Reproduce word for word the line holding "This short sleeve" and all lines after it in the data, through the end, leaving out pictures.
*** Opening of COLLECTED MATERIAL ***
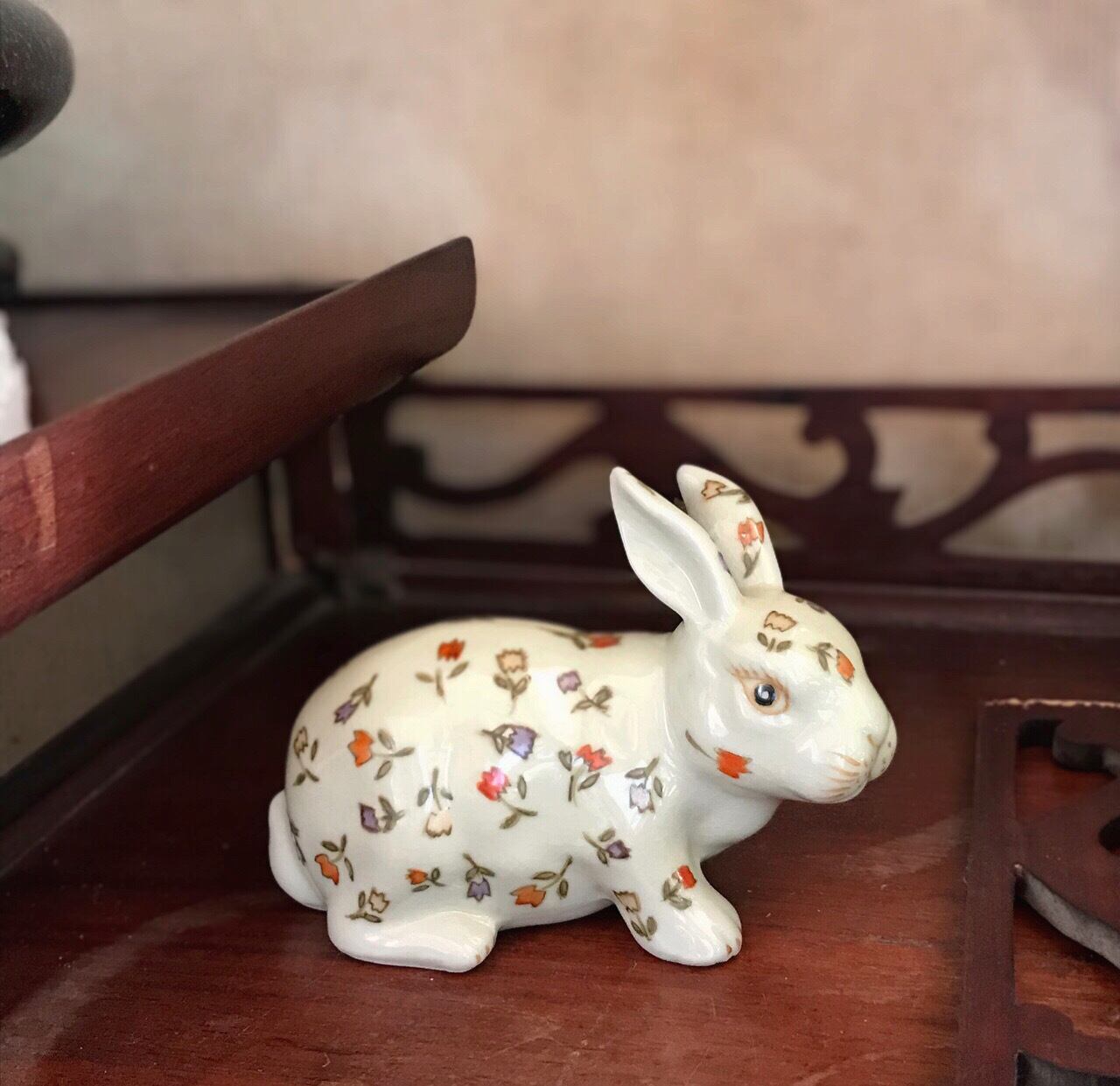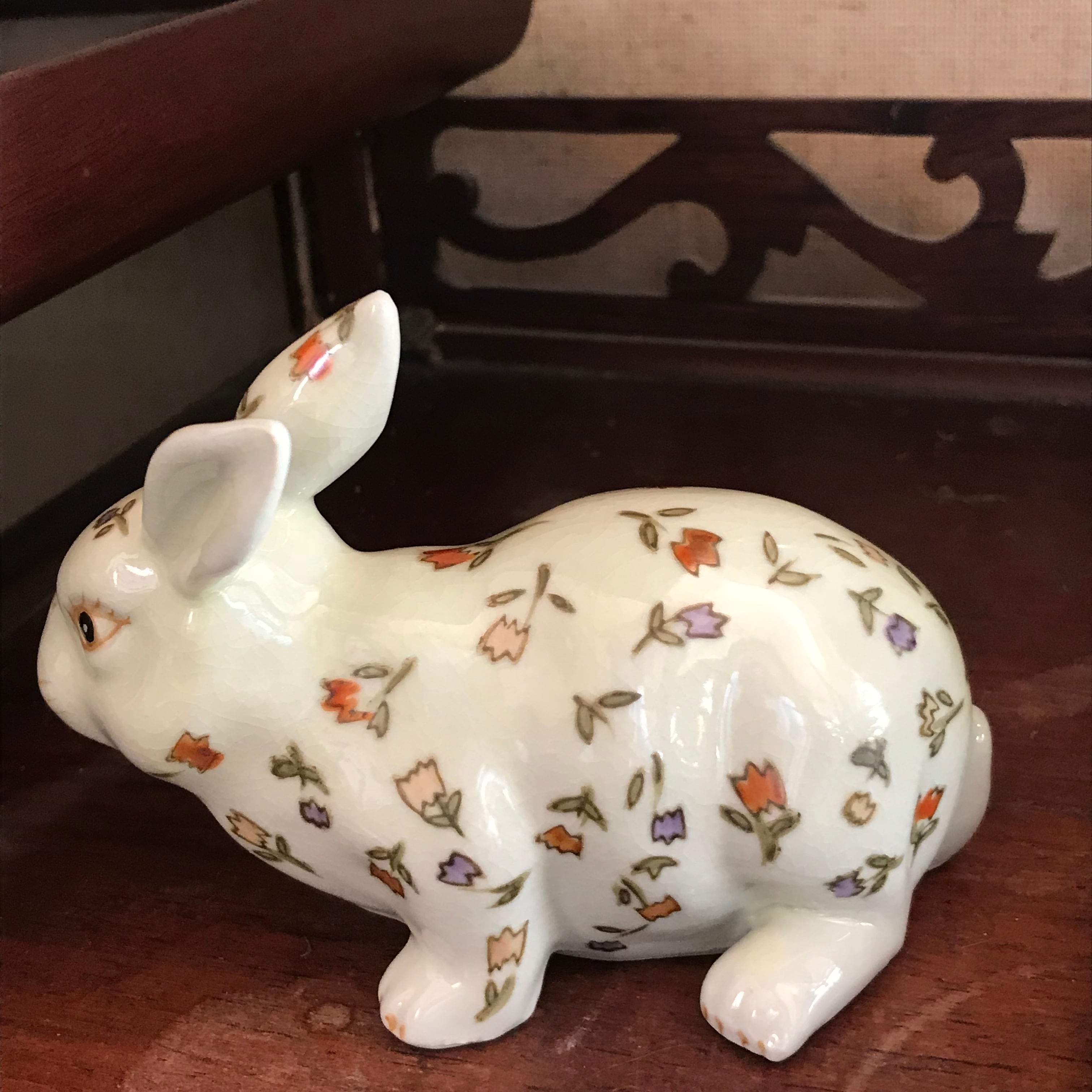 再入荷【シノワズリ】花柄うさぎのオブジェ 小
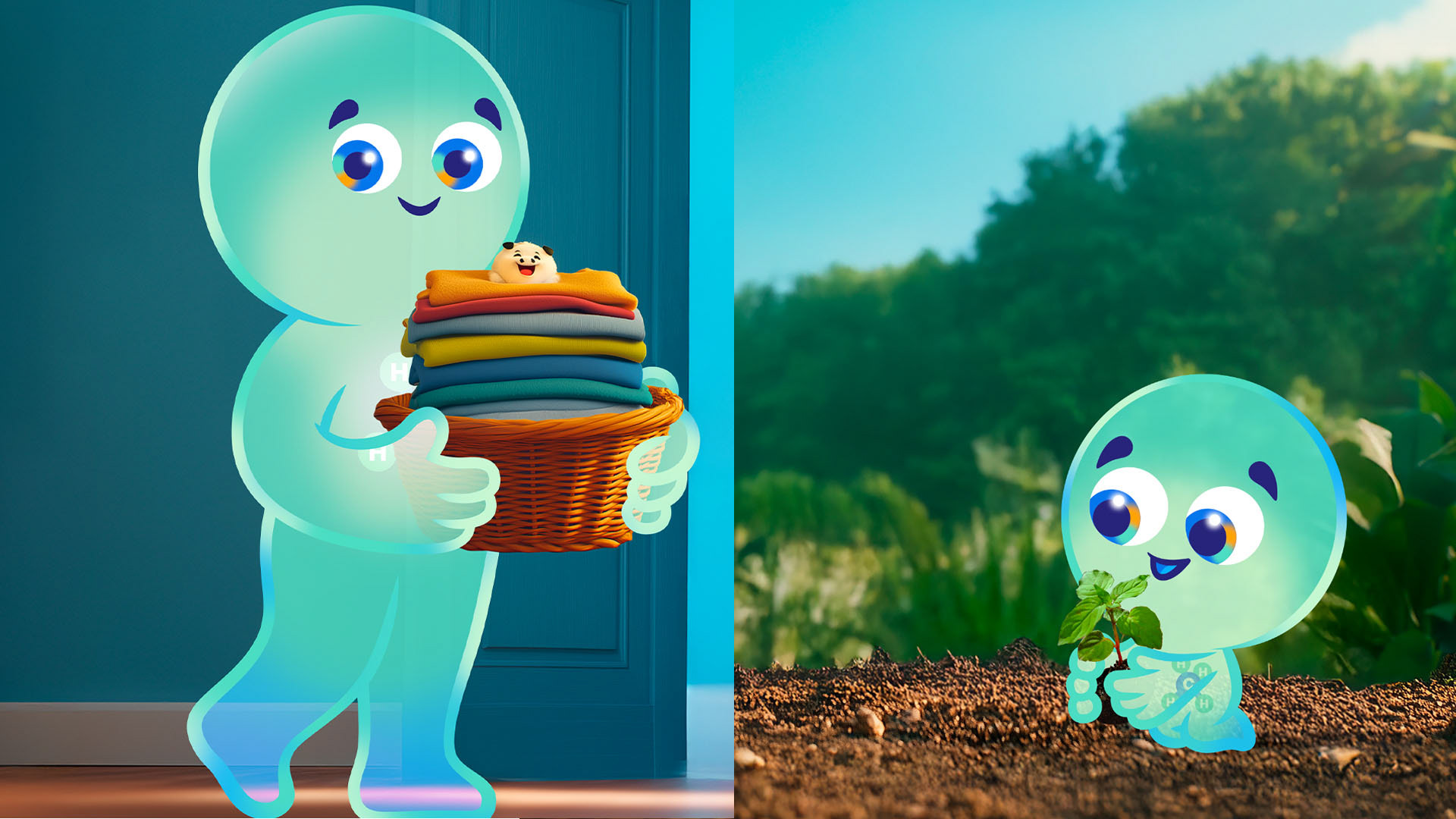 Como parte de la primera campaña, también creé una versión bebé del personaje, pensada para reforzar el mensaje de cuidado y suavidad, y ampliar las posibilidades narrativas dentro de la comunicación visual de la marca.
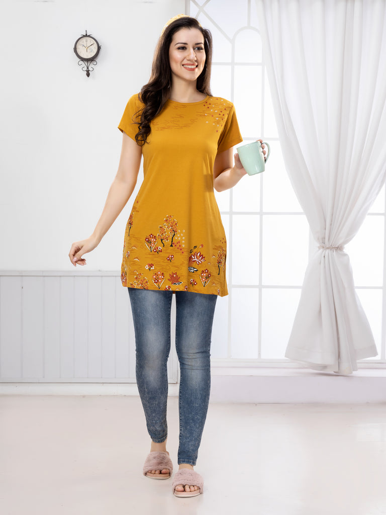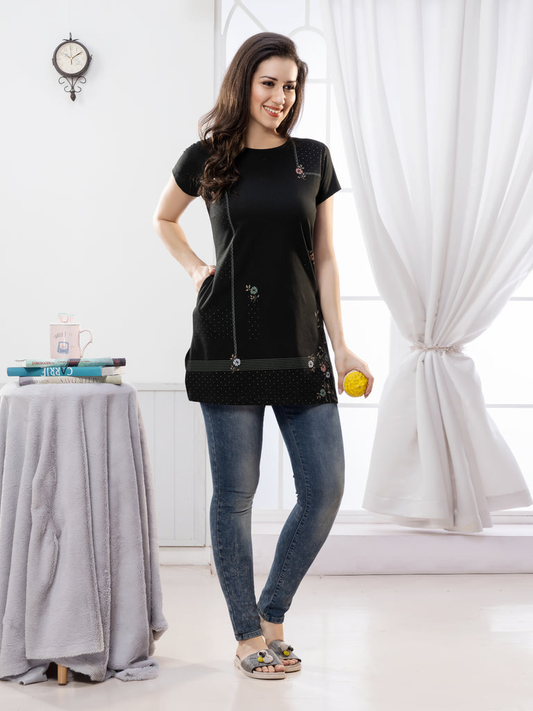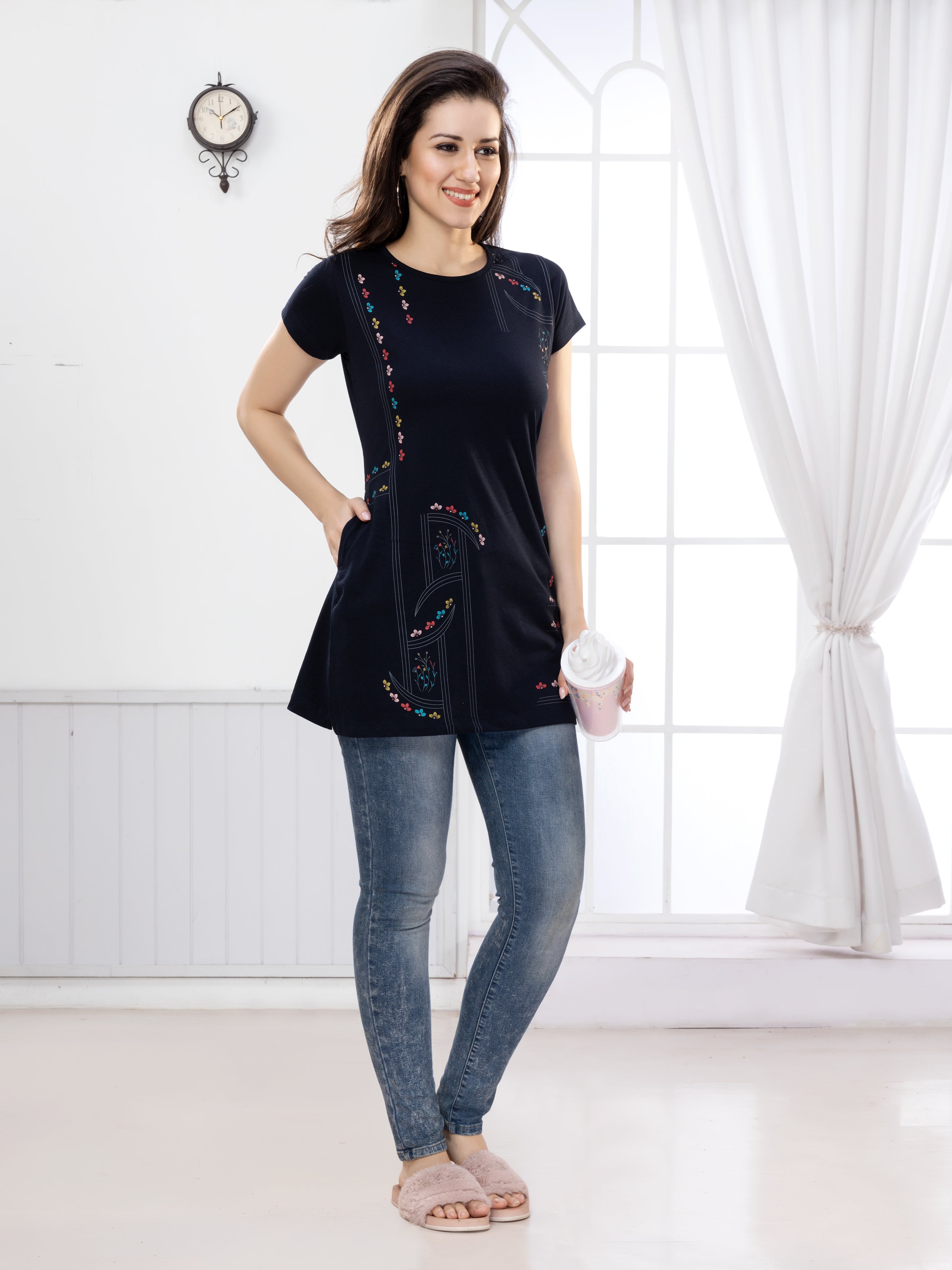 This short sleeve kurti-style top features a classic round neck and convenient side pockets, blending style with practicality. Designed for casual wear, it offers a comfortable fit while maintaining a fashionable silhouette. Ideal for daily use, this women’s top combines ease and elegance effortlessly.
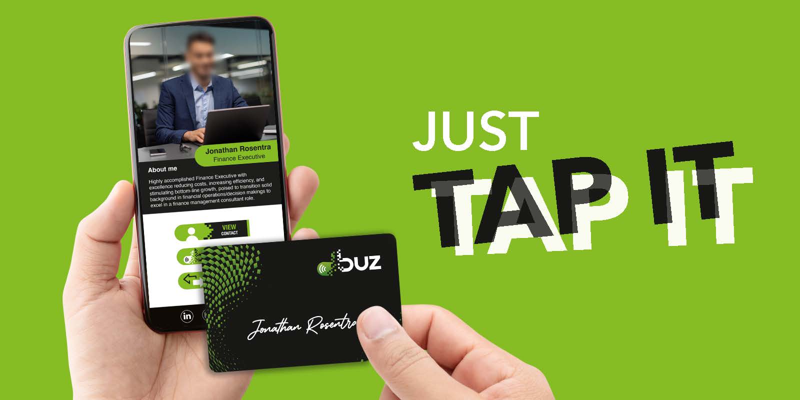 5- Dbuz card, using the NFC Technology, allows you to share the right contact details with the right counter party through one tap without downloading any app or using any paper card.
*** Close of COLLECTED MATERIAL ***
** OUTPUT FOR THIS EXERCISE **
 This short sleeve kurti-style top features a classic round neck and convenient side pockets, blending style with practicality. Designed for casual wear, it offers a comfortable fit while maintaining a fashionable silhouette. Ideal for daily use, this women’s top combines ease and elegance effortlessly.
 5- Dbuz card, using the NFC Technology, allows you to share the right contact details with the right counter party through one tap without downloading any app or using any paper card.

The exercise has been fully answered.